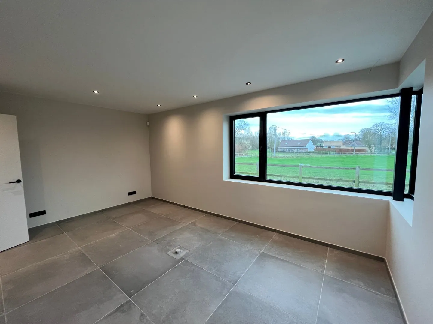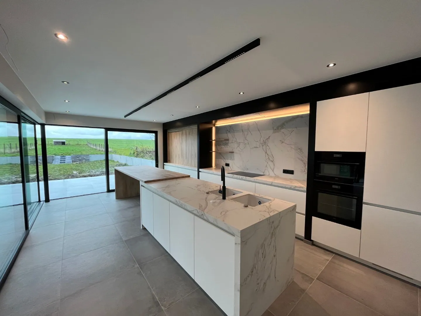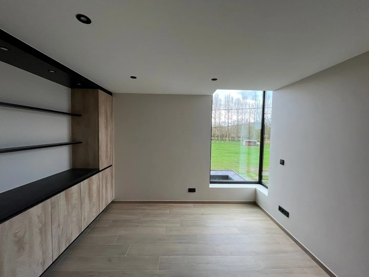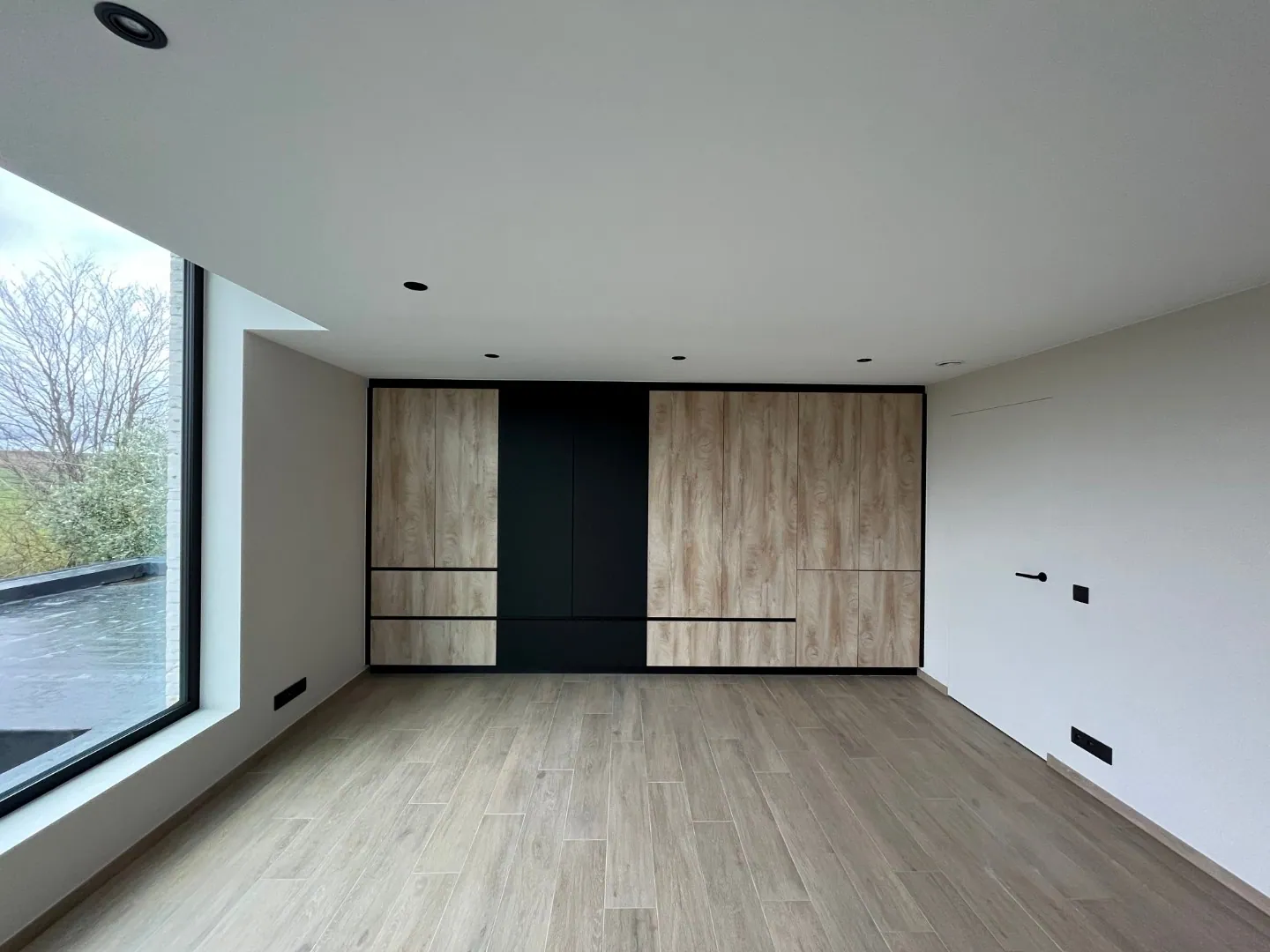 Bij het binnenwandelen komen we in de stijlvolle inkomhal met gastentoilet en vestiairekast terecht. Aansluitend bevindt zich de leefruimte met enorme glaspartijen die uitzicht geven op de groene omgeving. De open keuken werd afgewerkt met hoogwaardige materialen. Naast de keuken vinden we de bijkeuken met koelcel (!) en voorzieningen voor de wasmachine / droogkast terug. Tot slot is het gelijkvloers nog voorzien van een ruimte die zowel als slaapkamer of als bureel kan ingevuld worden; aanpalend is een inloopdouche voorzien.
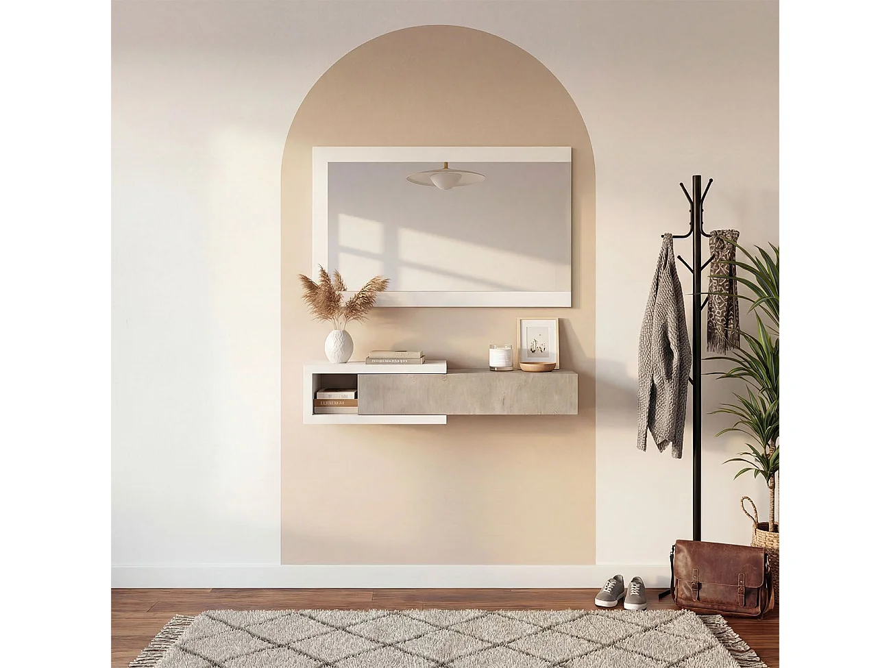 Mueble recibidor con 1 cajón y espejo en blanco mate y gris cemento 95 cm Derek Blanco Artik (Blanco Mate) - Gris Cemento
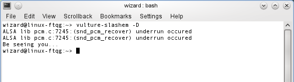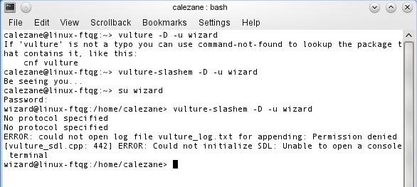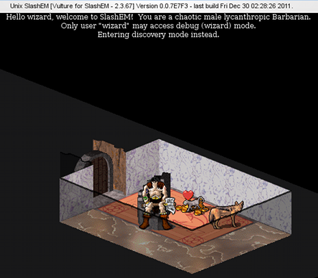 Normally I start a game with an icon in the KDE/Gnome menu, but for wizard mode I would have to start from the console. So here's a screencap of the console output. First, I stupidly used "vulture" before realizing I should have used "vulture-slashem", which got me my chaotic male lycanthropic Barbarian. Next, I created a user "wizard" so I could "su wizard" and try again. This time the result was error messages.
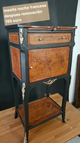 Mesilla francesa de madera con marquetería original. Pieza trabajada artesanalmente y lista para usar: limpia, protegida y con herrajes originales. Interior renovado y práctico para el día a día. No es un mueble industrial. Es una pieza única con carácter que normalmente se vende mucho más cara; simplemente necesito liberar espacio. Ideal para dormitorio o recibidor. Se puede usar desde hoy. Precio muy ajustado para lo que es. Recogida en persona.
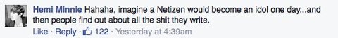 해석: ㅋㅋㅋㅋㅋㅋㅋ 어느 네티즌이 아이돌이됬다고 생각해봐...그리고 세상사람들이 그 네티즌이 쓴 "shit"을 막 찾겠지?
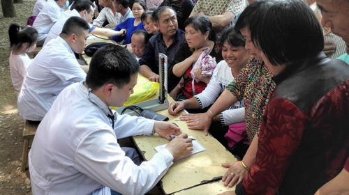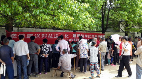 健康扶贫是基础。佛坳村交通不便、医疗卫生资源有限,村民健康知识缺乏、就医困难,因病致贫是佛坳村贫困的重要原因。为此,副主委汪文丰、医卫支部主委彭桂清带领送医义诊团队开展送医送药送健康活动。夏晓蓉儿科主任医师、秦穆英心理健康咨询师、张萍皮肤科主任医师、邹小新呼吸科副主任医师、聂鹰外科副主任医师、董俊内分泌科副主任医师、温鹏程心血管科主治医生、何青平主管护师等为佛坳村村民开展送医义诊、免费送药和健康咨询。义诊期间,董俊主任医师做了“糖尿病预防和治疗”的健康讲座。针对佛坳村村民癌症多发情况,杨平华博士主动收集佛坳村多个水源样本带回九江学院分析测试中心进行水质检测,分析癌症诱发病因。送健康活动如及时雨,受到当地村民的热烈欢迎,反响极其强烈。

**TASK TO CARRY OUT**: Transcribe the span of lines that runs from the line with "Mueble recibidor con" to the end of the data, both ends included, exactly, with nothing else and no pictures.

**EXERCISE OUTPUT**:
 Mueble recibidor con 1 cajón y espejo en blanco mate y gris cemento 95 cm Derek Blanco Artik (Blanco Mate) - Gris Cemento
 Normally I start a game with an icon in the KDE/Gnome menu, but for wizard mode I would have to start from the console. So here's a screencap of the console output. First, I stupidly used "vulture" before realizing I should have used "vulture-slashem", which got me my chaotic male lycanthropic Barbarian. Next, I created a user "wizard" so I could "su wizard" and try again. This time the result was error messages.
 Mesilla francesa de madera con marquetería original. Pieza trabajada artesanalmente y lista para usar: limpia, protegida y con herrajes originales. Interior renovado y práctico para el día a día. No es un mueble industrial. Es una pieza única con carácter que normalmente se vende mucho más cara; simplemente necesito liberar espacio. Ideal para dormitorio o recibidor. Se puede usar desde hoy. Precio muy ajustado para lo que es. Recogida en persona.
 해석: ㅋㅋㅋㅋㅋㅋㅋ 어느 네티즌이 아이돌이됬다고 생각해봐...그리고 세상사람들이 그 네티즌이 쓴 "shit"을 막 찾겠지?
 健康扶贫是基础。佛坳村交通不便、医疗卫生资源有限,村民健康知识缺乏、就医困难,因病致贫是佛坳村贫困的重要原因。为此,副主委汪文丰、医卫支部主委彭桂清带领送医义诊团队开展送医送药送健康活动。夏晓蓉儿科主任医师、秦穆英心理健康咨询师、张萍皮肤科主任医师、邹小新呼吸科副主任医师、聂鹰外科副主任医师、董俊内分泌科副主任医师、温鹏程心血管科主治医生、何青平主管护师等为佛坳村村民开展送医义诊、免费送药和健康咨询。义诊期间,董俊主任医师做了“糖尿病预防和治疗”的健康讲座。针对佛坳村村民癌症多发情况,杨平华博士主动收集佛坳村多个水源样本带回九江学院分析测试中心进行水质检测,分析癌症诱发病因。送健康活动如及时雨,受到当地村民的热烈欢迎,反响极其强烈。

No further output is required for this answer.